Une participation électorale faible

La participation aux élections municipales demeure faible, comme le montre la moyenne du taux de participation des dernières élections municipales générales : 44,8 % (2017), 47,2 % (2013), 44,8 % (2009), 44,5 % (2005). Cette situation viendrait de la faible lisibilité et visibilité des enjeux municipaux. Non seulement l’actualité municipale est peu couverte, mais les valeurs politiques qui y sont peu véhiculées sont aussi peu repérables. Les enjeux sont souvent présentés comme techniques et peu politiques.

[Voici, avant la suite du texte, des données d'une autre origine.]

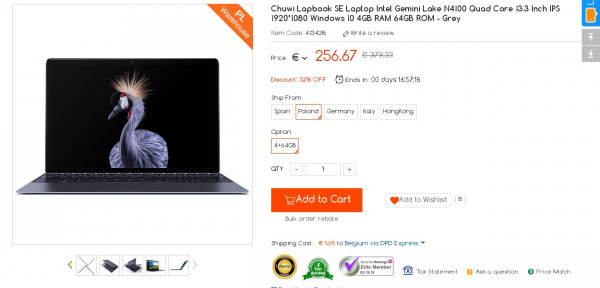 Recevez une réduction sur le PL Chuwi Lapbook SE (-16$) ou en utilisant le code GKB135T. Ce bon plan est valable jusqu'au 15/02.

Bref, il est particulièrement complexe de bien s’informer sur les questions municipales.

Les données montrent que la participation électorale est plus importante dans les municipalités de petite taille, sans doute parce que les électeur·trice·s de ces villes ont davantage le sentiment que leur vote a de l’influence que les électeur·trice·s d’un grand centre urbain.

Toutefois, les plus petites municipalités sont aussi celles où on vote le moins, faute de candidat·e·s en nombre suffisant pour justifier la compétition électorale : dans les municipalités de moins de 2 000 habitant·e·s, 24,4 % des conseils municipaux formés en 2017 étaient composés entièrement de personnes élues sans opposition.

Il faut dire que le potentiel de candidat·e·s est moins élevé que dans une grande municipalité : pour assurer une élection à chacun des 7 postes à pourvoir dans une municipalité de 1 000 habitant·e·s (dont environ la moitié sont des électeur·trice·s) on a besoin de 14 candidat·e·s, ce qui donne un ratio de 36 personnes éligibles par poste. Par comparaison, à Montréal, ce ratio est d’environ 5 000 pour chacun des 105 postes à combler.

La société civile et les élections

Quelle place y a-t-il pour la société civile et les citoyen·ne·s dans les élections, dans un contexte où l’information et le désintérêt sont importants ? Il existe, dans plusieurs régions du Québec, plusieurs initiatives de groupes locaux ou nationaux qui « forcent » en quelque sorte les partis et les candidat·e·s à se prononcer sur divers enjeux. Ils envoient aux candidat·e·s des questionnaires qui permettent à ces dernier·ère·s de préciser leurs engagements sur différentes thématiques. Ces questionnaires sont ensuite rendus publics. Les groupes écologistes sont souvent les initiateurs de ces outils (car les compétences municipales touchent plusieurs enjeux environnementaux), mais on retrouve aussi la Ligue d’action civique (sur les enjeux de transparence et de corruption) et des groupes spécifiques à chaque région. Dans la même veine, le réseau Vague écologiste au municipal ou encore plusieurs groupes féministes aident les candidat·e·s à se lancer en politique et à construire un programme politique plus engageant.